Using this definition on our asset we see for example:
  • The maximum time in days below previous high water mark over 5 years of iShares Global Healthcare ETF is 187 days, which is greater, thus worse compared to the benchmark SPY (139 days) in the same period.
  • Compared with SPY (119 days) in the period of the last 3 years, the maximum days below previous high of 134 days is greater, thus worse.

AveDuration:

'The Drawdown Duration is the length of any peak to peak period, or the time between new equity highs. The Avg Drawdown Duration is the average amount of time an investment has seen between peaks (equity highs), or in other terms the average of time under water of all drawdowns.
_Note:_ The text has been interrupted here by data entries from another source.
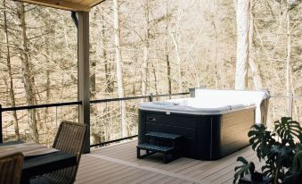 您可以泡在熱水浴缸中,在燃氣火坑旁放鬆身心,或在甲板上享受戶外用餐,同時欣賞小溪的聲音。配有燃木火坑,可在星空下度過舒適的夜晚,或在早晨享用咖啡,欣賞小溪美景。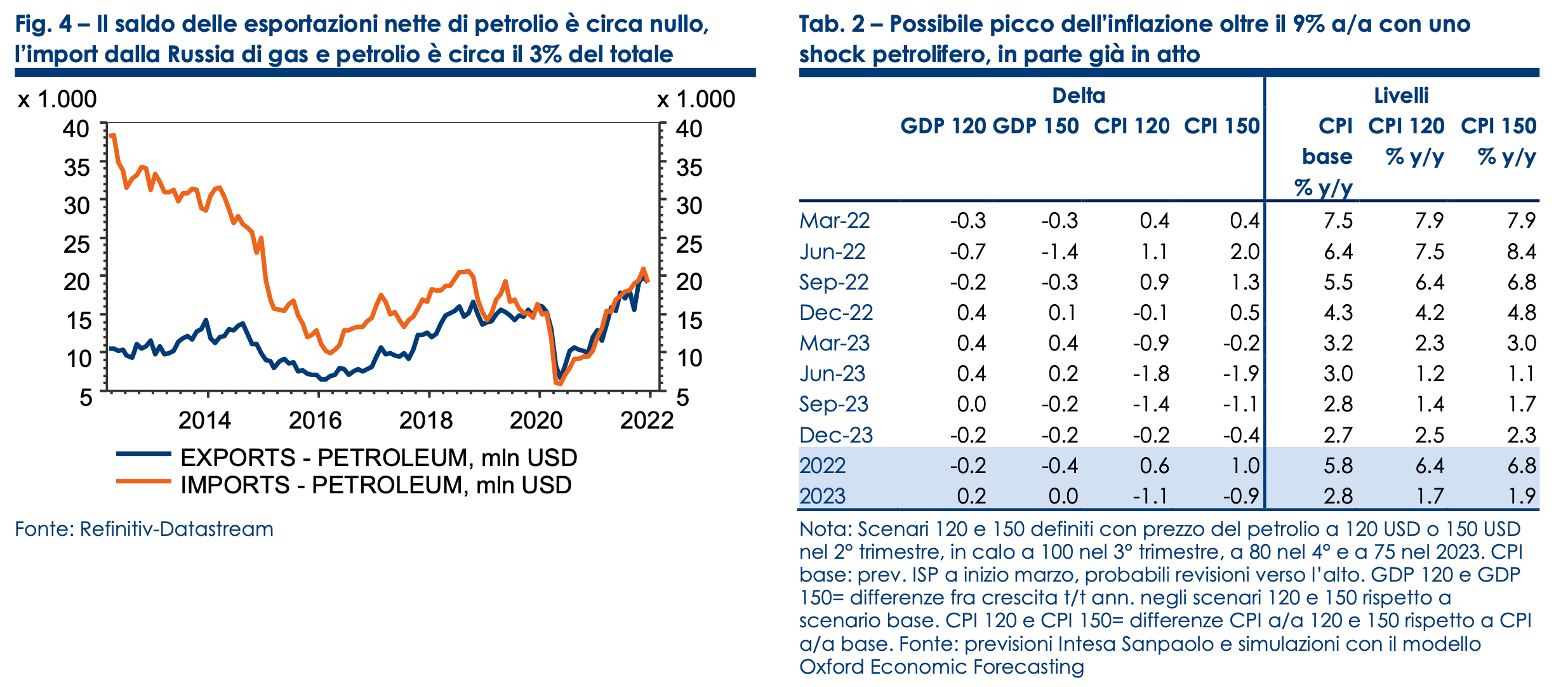 Per quanto riguarda le proiezioni macro, la revisione più macroscopica dovrebbe essere quella dell’inflazione a fine 2022. Alla luce dell’andamento dei prezzi delle materie prime, sotto ipotesi conservative, l’inflazione potrebbe essere rivista di quasi 1pp a fine 2022, verso 4,5% a/a per l’indice headline e almeno 3,5% a/a per il core, con rialzi di qualche decimo per il 2023. Anche il tasso di disoccupazione alla fine del 2022 potrebbe subire revisioni, questa volta verso il basso, verso il 3%, ipotizzando un persistente eccesso di domanda sul mercato del lavoro. Per la crescita, l’impulso fiscale negativo, l’inflazione elevata e la correzione dei mercati potrebbero determinare una limatura verso il basso di circa 0,5pp, senza però modificare l’aspettativa di espansione ancora sopra il potenziale.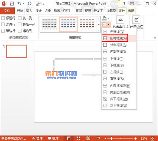 ④在給表格添加框線,單擊框線按鈕,從下拉菜單中選擇所有框線。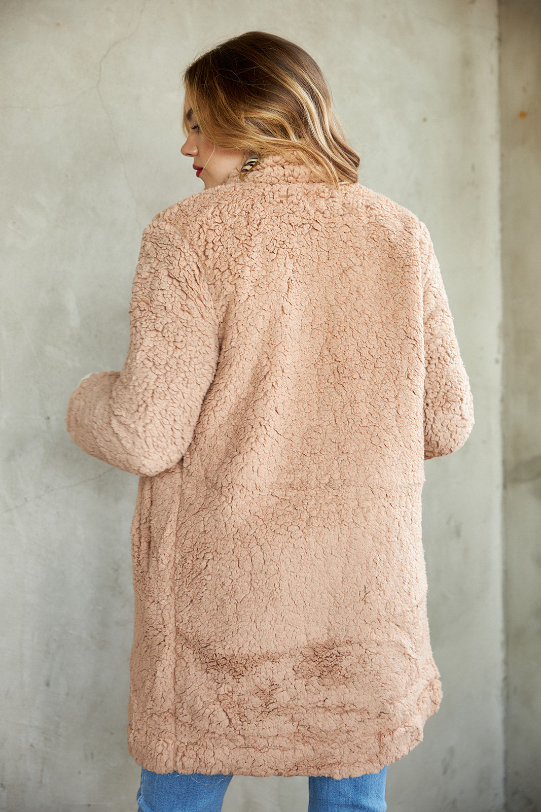 Dress up any outfit in cozy shearling with the Kelzie Teddy Coat! This teddy coat hits mid-thigh in length and features front pockets. Pair over any outfit to complete this winter chic look.
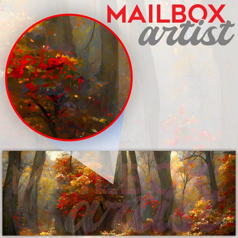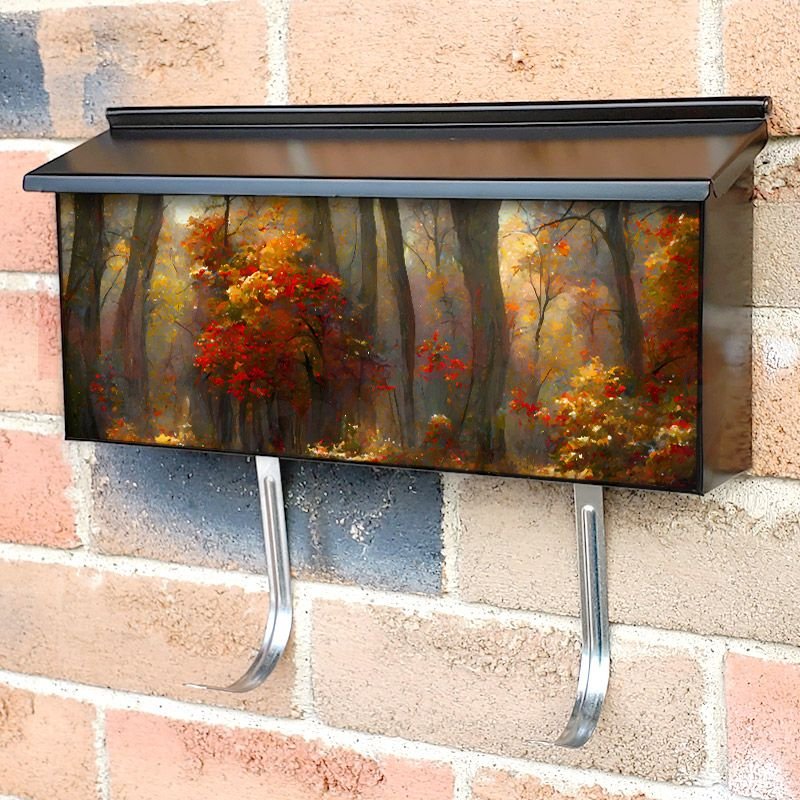 Applying your October Forest #3 townhouse / ranch mailbox cover it’s pretty easy to convert your mailbox to a special and unique item. These covers require a flat surface, so they work with townhouse / ranch mailboxes that do not have any embossed decoration or signs. Magnetic mailbox covers work with steel boxes, for aluminum and plastic boxes we offer the self-adhesive vinyl covers. In case your mailbox doesn’t work with these covers, you can purchase the preinstalled cover on a brand new mailbox as well. Also, you can create your custom townhouse / ranch mailbox cover using you own pictures, adding your name, street number, etc.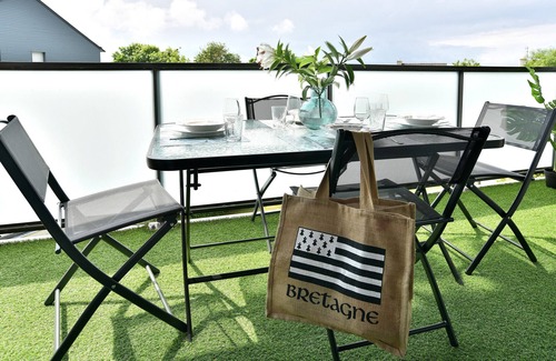 The Breizh Émeraude duplex features a balcony with outdoor furniture, perfect for al fresco meals (up to 6 guests - 4 people seated comfortably). Two deckchairs invite you to soak up the sun, read a book, or simply enjoy the gentle ambiance of the Emerald Coast.Treat yourself to a relaxing break at the Breizh Émeraude duplex, ideally located in Saint-Malo close to stunning beaches and shops, with a south-facing terrace perfect for savoring every moment of your holidays with family or friends.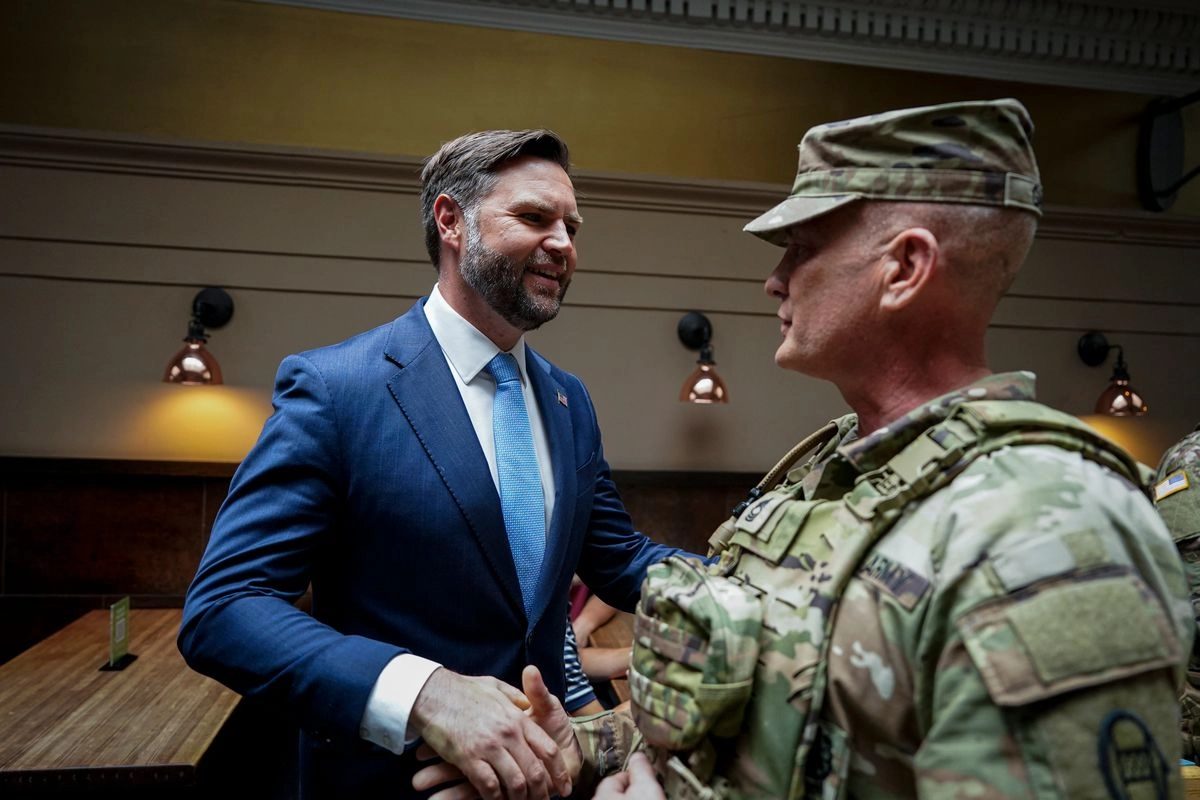 Vance visitó a las tropas en la estación de trenes Union Station junto al secretario de Defensa, Pete Hegseth, y el subjefe de gabinete de la Casa Blanca, Stephen Miller.

So in contrast to the Maximum duration it does not measure only one drawdown event but calculates the average of all.'

Using this definition on our asset we see for example:
  • The average days under water over 5 years of iShares Global Healthcare ETF is 40 days, which is larger, thus worse compared to the benchmark SPY (32 days) in the same period.
  • Compared with SPY (25 days) in the period of the last 3 years, the average days below previous high of 33 days is higher, thus worse.

Performance (YTD)

Historical returns have been extended using synthetic data.

Allocations
()

Allocations

Returns (%)

  • Note that yearly returns do not equal the sum of monthly returns due to compounding.
  • Performance results of iShares Global Healthcare ETF are hypothetical, do not account for slippage, fees or taxes, and are based on backtesting, which has many inherent limitations, some of which are described in our Terms of Use.